Task: Write out again, word for word, the lines below from the line that holds "平城京模型。 平城宮は赤い部分だけか。 |" through the line that holds "Take your party", omitting pictures.

[Extracted records]
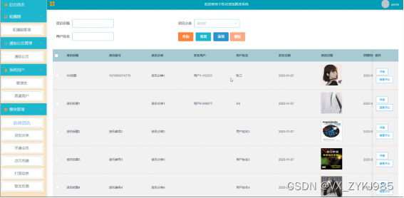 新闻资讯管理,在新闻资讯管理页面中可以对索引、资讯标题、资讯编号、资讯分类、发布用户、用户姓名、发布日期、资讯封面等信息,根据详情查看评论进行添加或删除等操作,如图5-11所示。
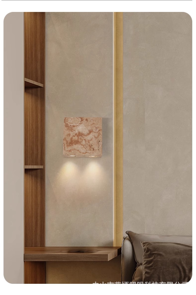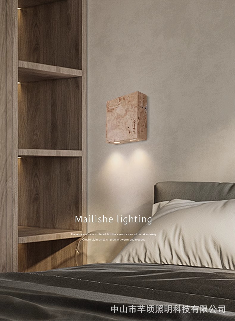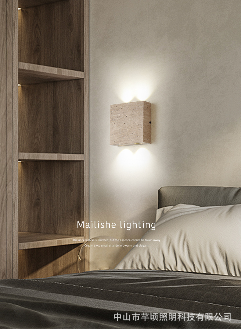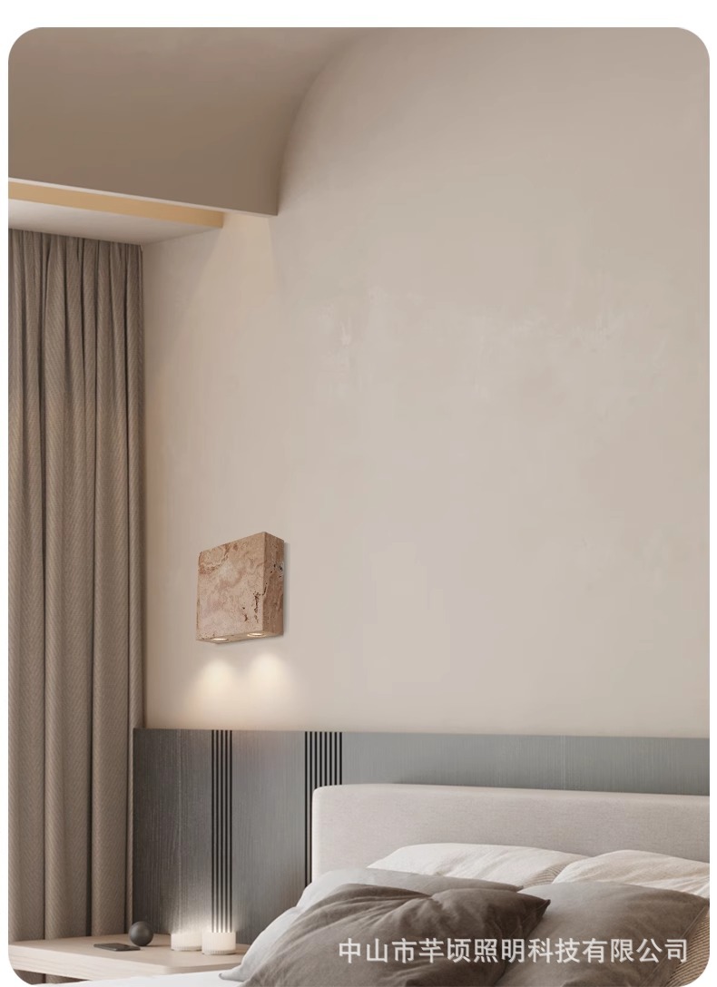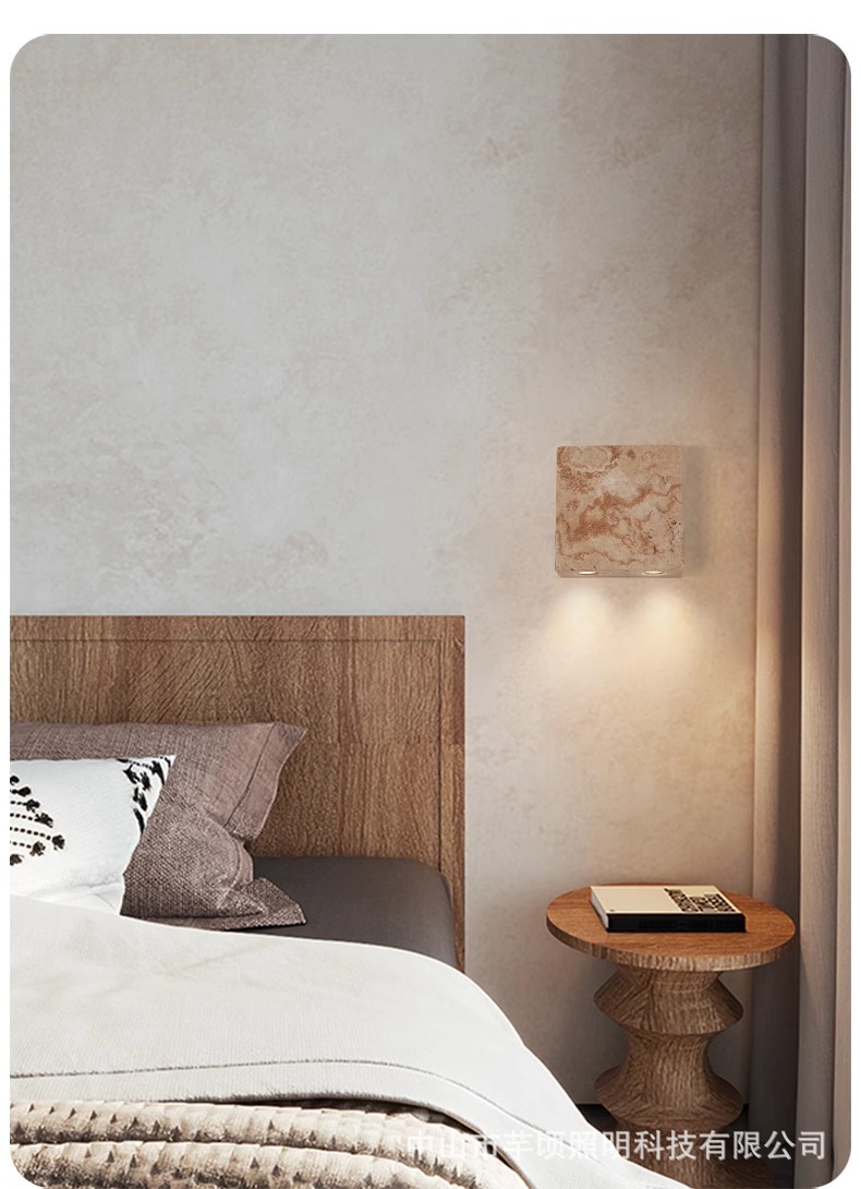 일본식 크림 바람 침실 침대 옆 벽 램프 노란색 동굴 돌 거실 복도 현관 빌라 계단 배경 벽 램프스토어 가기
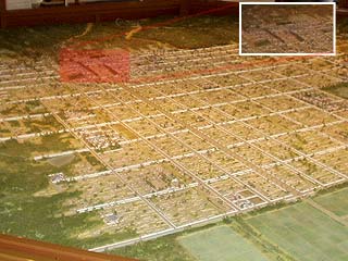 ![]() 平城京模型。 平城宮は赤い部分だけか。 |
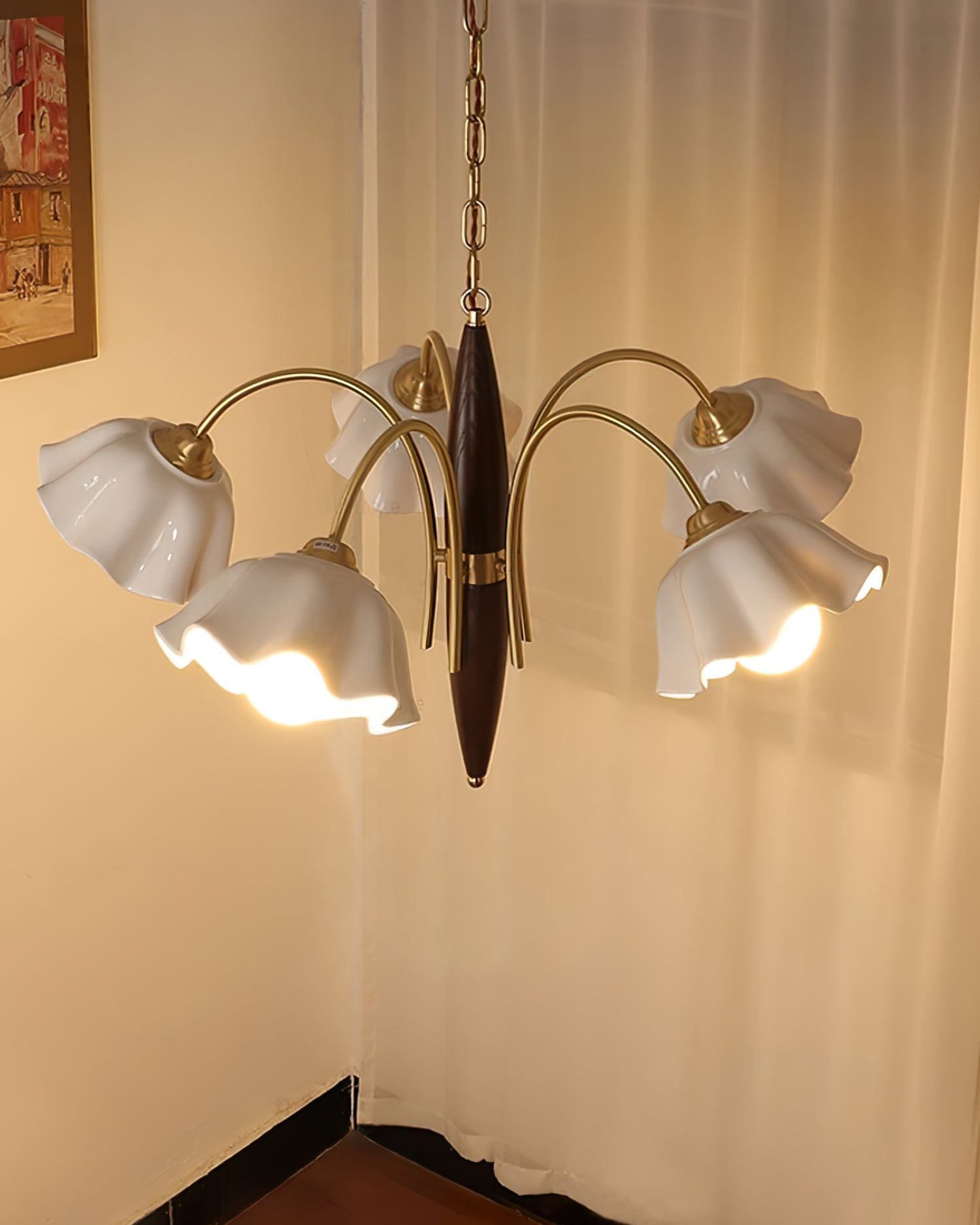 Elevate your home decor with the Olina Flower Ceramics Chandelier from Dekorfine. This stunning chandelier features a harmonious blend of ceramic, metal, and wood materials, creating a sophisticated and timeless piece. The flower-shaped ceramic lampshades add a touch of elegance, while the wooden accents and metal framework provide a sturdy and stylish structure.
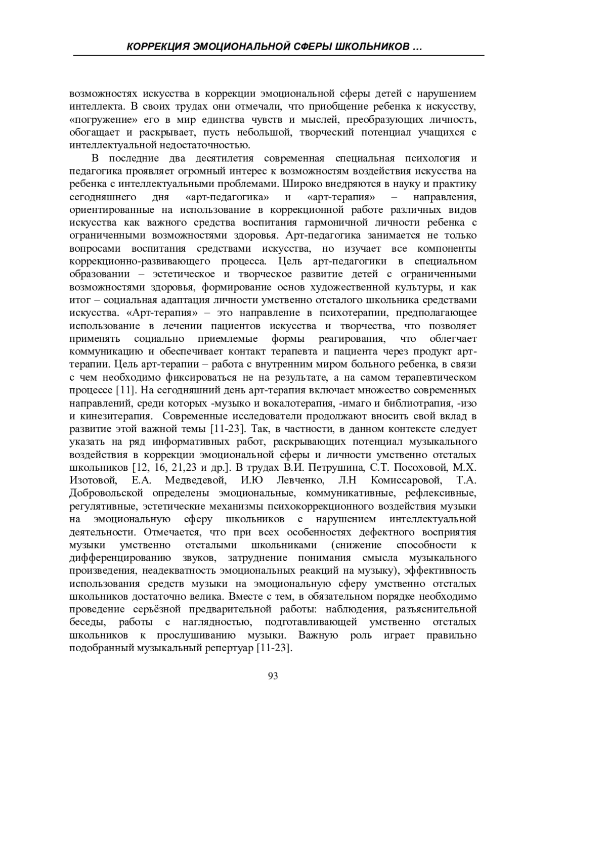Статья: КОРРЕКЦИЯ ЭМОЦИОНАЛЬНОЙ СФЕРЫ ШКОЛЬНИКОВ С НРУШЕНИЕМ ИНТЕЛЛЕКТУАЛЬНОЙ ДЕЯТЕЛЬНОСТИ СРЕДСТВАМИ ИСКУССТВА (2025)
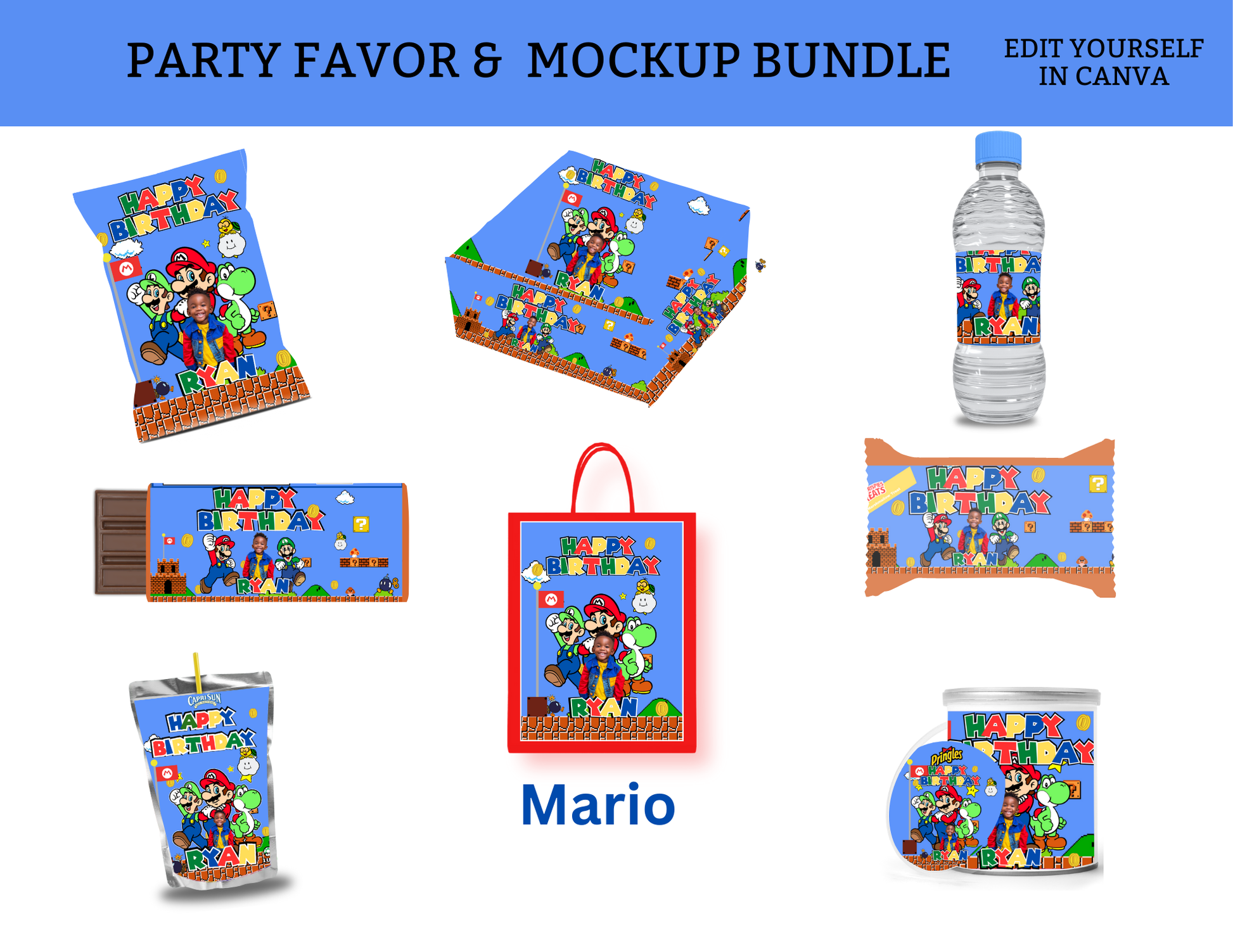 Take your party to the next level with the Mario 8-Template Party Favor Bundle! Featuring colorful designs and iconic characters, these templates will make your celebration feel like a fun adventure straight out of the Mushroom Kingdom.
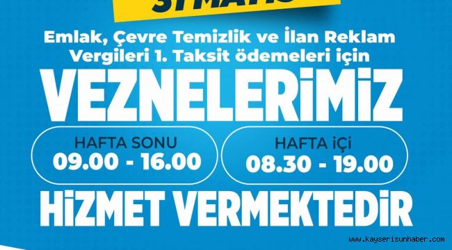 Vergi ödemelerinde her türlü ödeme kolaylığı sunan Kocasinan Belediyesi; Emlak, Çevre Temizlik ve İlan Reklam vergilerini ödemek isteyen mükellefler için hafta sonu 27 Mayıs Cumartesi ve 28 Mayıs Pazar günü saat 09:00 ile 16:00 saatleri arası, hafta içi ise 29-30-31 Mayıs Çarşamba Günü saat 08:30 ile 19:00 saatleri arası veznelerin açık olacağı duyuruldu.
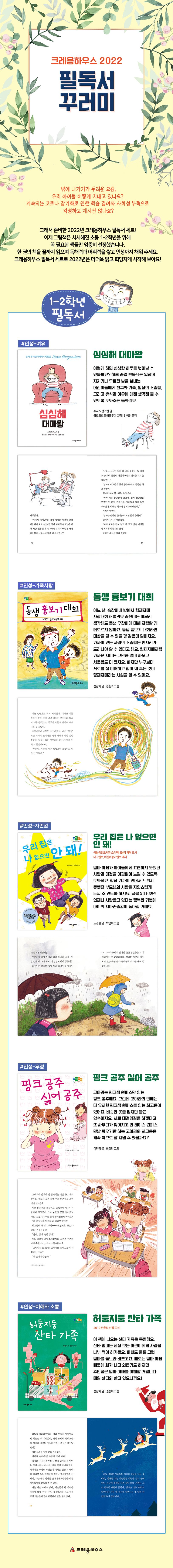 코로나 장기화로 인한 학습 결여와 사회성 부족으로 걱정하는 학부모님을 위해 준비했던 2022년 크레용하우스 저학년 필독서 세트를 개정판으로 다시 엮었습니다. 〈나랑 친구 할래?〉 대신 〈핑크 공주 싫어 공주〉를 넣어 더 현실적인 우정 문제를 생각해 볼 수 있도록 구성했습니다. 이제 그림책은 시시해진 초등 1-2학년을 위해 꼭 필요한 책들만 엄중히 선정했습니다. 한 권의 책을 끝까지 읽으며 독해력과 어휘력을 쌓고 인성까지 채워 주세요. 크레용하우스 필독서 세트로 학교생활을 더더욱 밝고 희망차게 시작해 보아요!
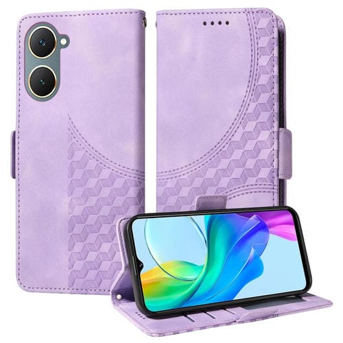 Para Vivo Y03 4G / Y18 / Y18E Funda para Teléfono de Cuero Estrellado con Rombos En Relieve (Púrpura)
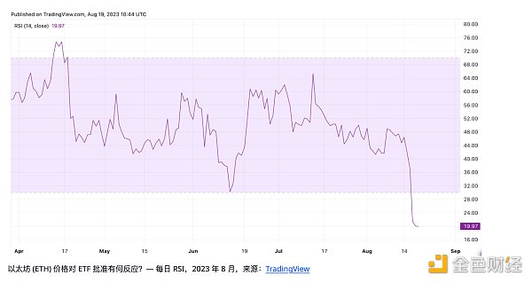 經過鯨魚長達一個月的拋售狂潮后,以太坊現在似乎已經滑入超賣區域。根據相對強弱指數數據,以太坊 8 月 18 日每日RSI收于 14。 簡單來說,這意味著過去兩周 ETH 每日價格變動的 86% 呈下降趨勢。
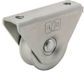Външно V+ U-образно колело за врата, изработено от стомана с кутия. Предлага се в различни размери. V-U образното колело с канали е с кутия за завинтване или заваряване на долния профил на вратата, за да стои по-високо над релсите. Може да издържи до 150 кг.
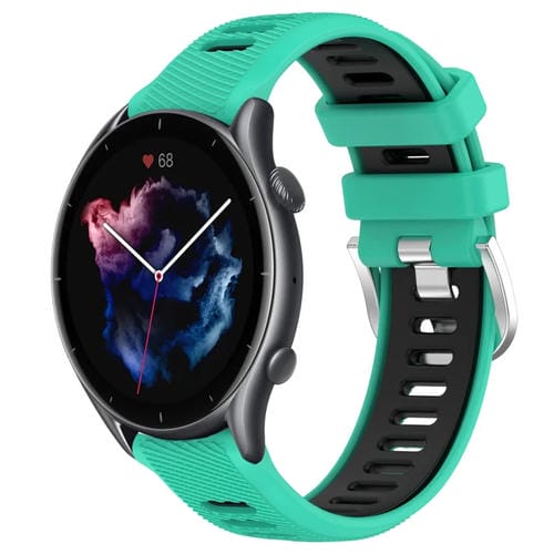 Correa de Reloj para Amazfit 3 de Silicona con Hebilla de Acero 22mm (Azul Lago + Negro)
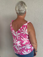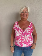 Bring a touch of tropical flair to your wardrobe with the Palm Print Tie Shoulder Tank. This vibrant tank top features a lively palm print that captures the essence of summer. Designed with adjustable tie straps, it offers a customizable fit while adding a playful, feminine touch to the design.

Exercise result:
 ![]() 平城京模型。 平城宮は赤い部分だけか。 |
 Elevate your home decor with the Olina Flower Ceramics Chandelier from Dekorfine. This stunning chandelier features a harmonious blend of ceramic, metal, and wood materials, creating a sophisticated and timeless piece. The flower-shaped ceramic lampshades add a touch of elegance, while the wooden accents and metal framework provide a sturdy and stylish structure.
Статья: КОРРЕКЦИЯ ЭМОЦИОНАЛЬНОЙ СФЕРЫ ШКОЛЬНИКОВ С НРУШЕНИЕМ ИНТЕЛЛЕКТУАЛЬНОЙ ДЕЯТЕЛЬНОСТИ СРЕДСТВАМИ ИСКУССТВА (2025)
 Take your party to the next level with the Mario 8-Template Party Favor Bundle! Featuring colorful designs and iconic characters, these templates will make your celebration feel like a fun adventure straight out of the Mushroom Kingdom.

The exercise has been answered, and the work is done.